⟨

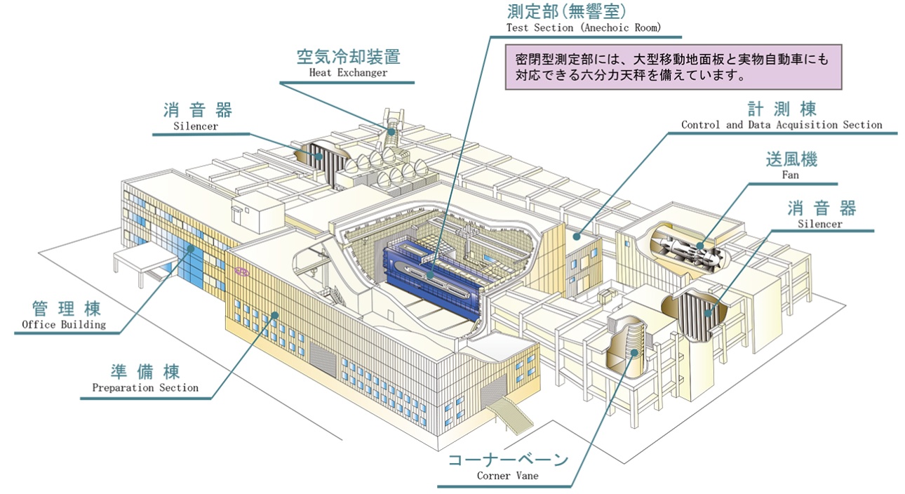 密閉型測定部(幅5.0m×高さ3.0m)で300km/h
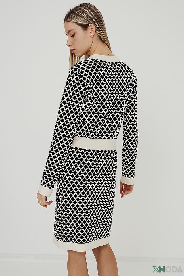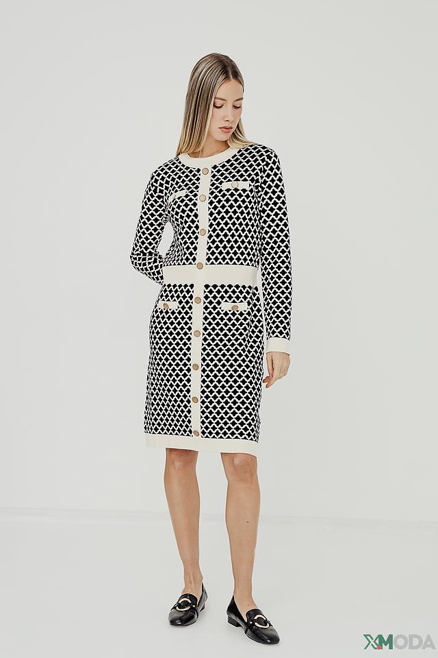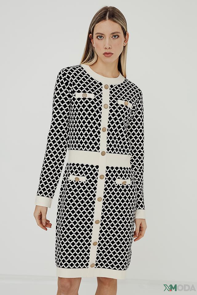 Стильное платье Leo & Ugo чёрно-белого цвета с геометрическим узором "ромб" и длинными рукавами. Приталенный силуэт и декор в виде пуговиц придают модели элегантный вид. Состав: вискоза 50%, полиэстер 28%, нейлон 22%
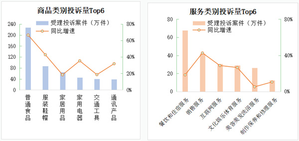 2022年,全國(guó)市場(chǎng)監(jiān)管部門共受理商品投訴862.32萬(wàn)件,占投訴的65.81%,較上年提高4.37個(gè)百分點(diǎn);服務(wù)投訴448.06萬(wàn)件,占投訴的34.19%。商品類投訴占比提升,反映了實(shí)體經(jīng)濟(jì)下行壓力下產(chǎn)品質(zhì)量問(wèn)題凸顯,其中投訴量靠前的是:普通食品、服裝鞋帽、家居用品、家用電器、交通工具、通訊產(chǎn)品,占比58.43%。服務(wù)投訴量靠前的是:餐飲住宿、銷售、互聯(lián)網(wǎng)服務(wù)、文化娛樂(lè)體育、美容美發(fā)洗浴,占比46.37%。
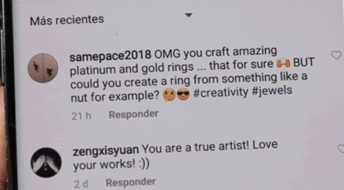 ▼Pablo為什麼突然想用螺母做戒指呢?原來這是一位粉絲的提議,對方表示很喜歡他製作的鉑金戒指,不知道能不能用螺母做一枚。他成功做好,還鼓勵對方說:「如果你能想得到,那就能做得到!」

⟩
⟨

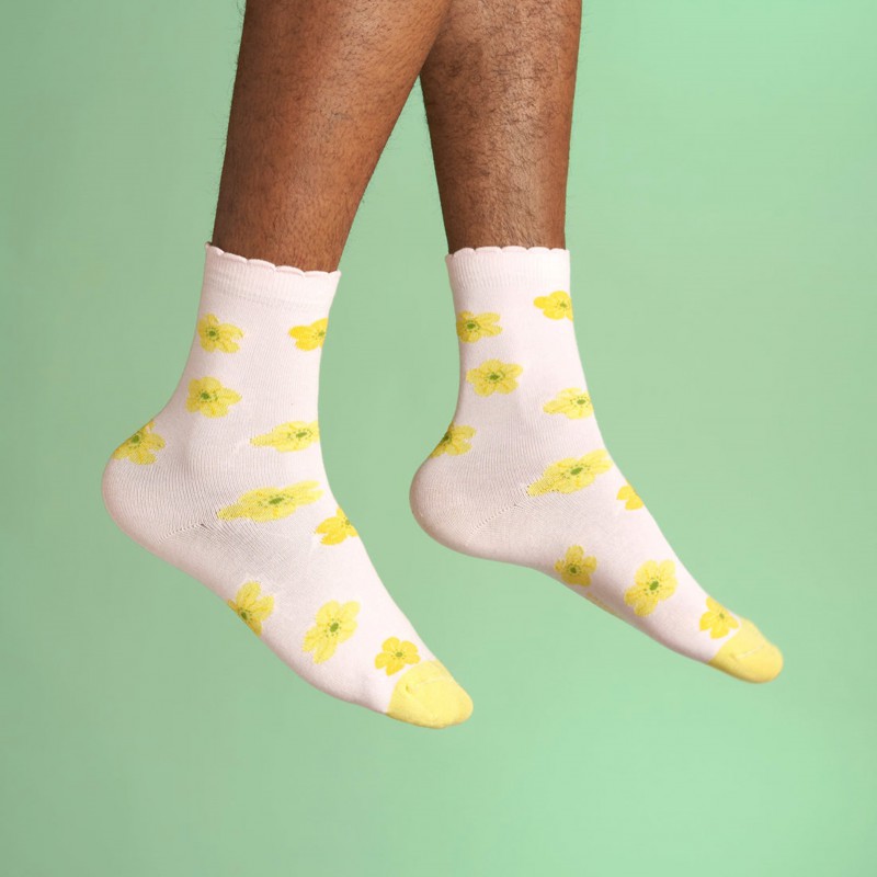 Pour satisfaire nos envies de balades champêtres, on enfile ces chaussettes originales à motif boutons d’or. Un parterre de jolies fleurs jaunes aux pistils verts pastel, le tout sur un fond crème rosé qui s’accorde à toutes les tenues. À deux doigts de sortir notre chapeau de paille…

⟩
⟨

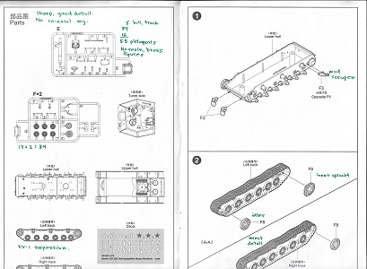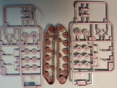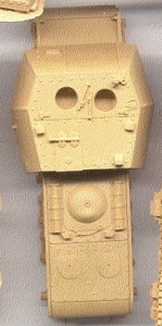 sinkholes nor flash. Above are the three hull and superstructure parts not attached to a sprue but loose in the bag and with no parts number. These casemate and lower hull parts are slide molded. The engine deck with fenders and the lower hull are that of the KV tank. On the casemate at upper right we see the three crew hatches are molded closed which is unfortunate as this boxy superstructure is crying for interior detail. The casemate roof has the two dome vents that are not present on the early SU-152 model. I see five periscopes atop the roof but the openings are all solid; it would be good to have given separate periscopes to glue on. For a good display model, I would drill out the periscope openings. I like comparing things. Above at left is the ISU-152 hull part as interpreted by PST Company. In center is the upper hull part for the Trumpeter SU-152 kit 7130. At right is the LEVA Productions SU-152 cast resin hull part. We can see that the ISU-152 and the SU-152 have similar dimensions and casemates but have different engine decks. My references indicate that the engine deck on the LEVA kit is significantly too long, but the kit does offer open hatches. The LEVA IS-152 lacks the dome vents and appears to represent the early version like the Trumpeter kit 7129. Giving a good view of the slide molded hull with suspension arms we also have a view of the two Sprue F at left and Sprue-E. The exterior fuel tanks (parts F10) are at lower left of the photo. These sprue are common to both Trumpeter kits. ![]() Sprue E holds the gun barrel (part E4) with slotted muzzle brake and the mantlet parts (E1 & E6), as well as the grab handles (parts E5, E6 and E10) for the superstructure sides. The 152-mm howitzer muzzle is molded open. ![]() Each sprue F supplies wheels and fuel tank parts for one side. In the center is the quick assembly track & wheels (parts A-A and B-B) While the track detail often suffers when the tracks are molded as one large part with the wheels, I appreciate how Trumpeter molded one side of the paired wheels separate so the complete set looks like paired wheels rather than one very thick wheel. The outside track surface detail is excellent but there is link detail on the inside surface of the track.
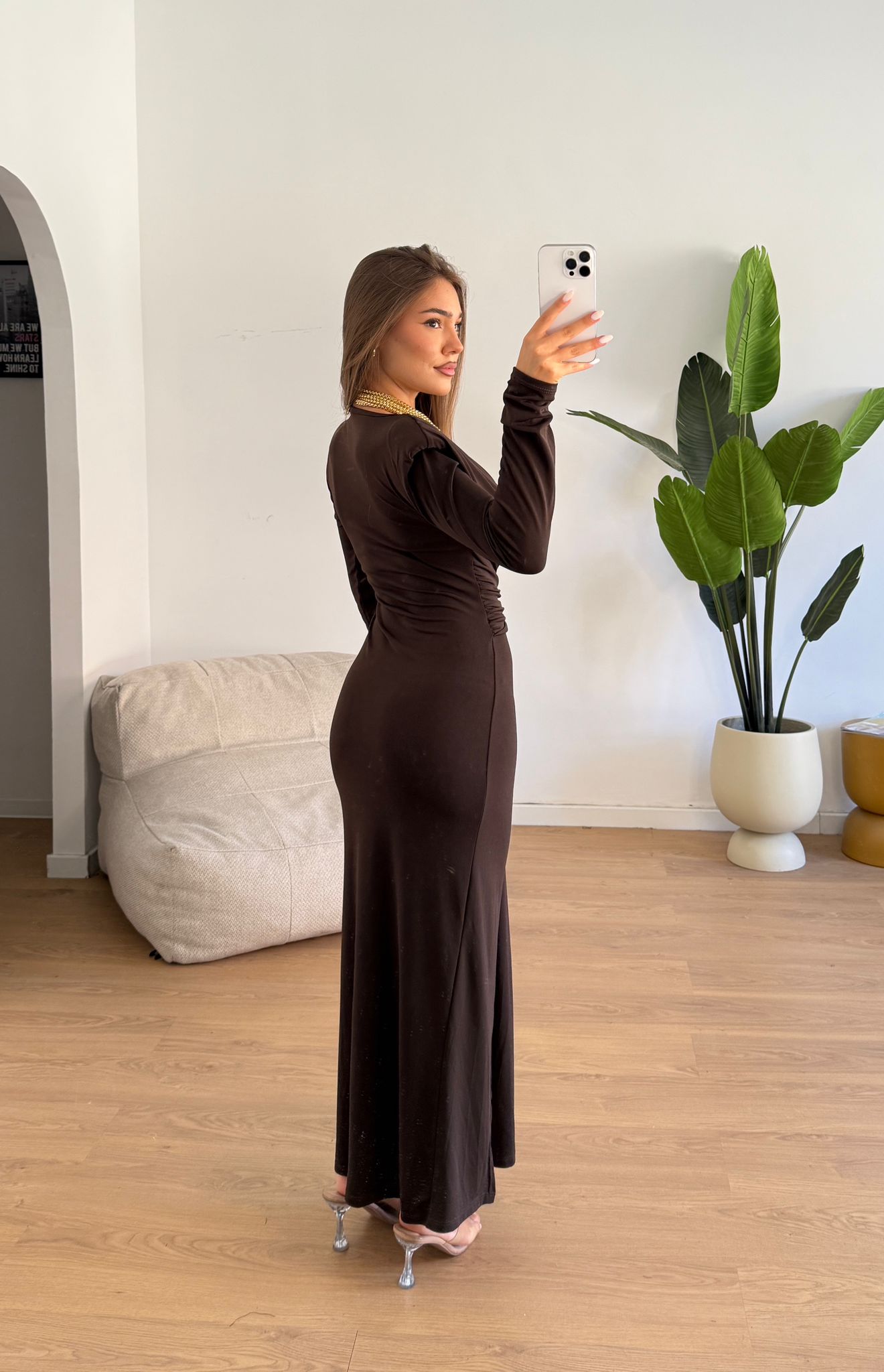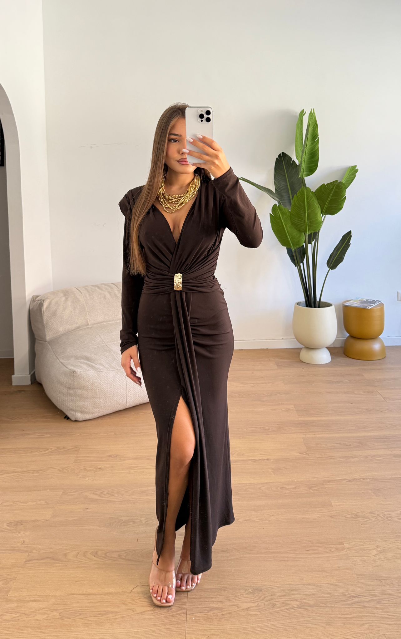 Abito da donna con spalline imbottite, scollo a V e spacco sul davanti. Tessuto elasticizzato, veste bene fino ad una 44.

⟩

▶ **What to do**
From the records above, copy only the lines running from the line holding "密閉型測定部(幅5.0m×高さ3.0m)で300km/h" through the line holding "Стильное платье Leo", with no pictures.

▶ **Finished task**
 密閉型測定部(幅5.0m×高さ3.0m)で300km/h
 Стильное платье Leo & Ugo чёрно-белого цвета с геометрическим узором "ромб" и длинными рукавами. Приталенный силуэт и декор в виде пуговиц придают модели элегантный вид. Состав: вискоза 50%, полиэстер 28%, нейлон 22%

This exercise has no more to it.